### Work instruction
Transcribe exactly, and only, the lines that fall between the line containing "На протяжении 13" and the last line of the material, both ends included, omitting any pictures.

+++ Given data +++

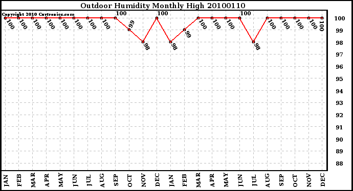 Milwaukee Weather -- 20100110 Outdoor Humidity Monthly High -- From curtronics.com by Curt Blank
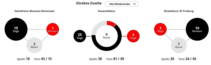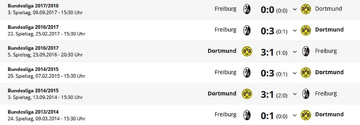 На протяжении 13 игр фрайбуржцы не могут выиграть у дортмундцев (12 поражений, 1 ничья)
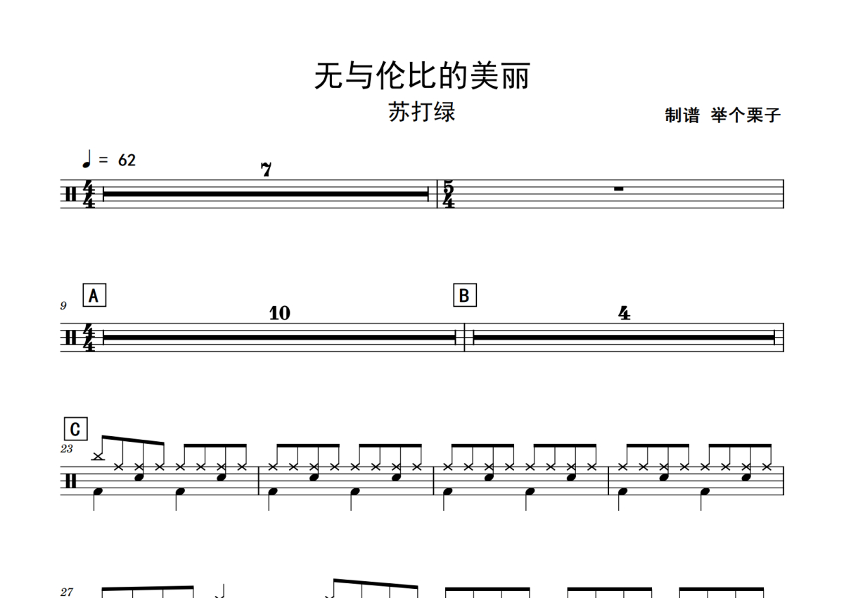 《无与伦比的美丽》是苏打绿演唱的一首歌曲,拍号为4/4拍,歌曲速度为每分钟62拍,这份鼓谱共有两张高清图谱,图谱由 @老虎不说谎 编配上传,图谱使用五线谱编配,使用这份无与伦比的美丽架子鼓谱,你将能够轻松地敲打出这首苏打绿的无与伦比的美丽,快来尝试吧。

+++

### Task answer
 На протяжении 13 игр фрайбуржцы не могут выиграть у дортмундцев (12 поражений, 1 ничья)
 《无与伦比的美丽》是苏打绿演唱的一首歌曲,拍号为4/4拍,歌曲速度为每分钟62拍,这份鼓谱共有两张高清图谱,图谱由 @老虎不说谎 编配上传,图谱使用五线谱编配,使用这份无与伦比的美丽架子鼓谱,你将能够轻松地敲打出这首苏打绿的无与伦比的美丽,快来尝试吧。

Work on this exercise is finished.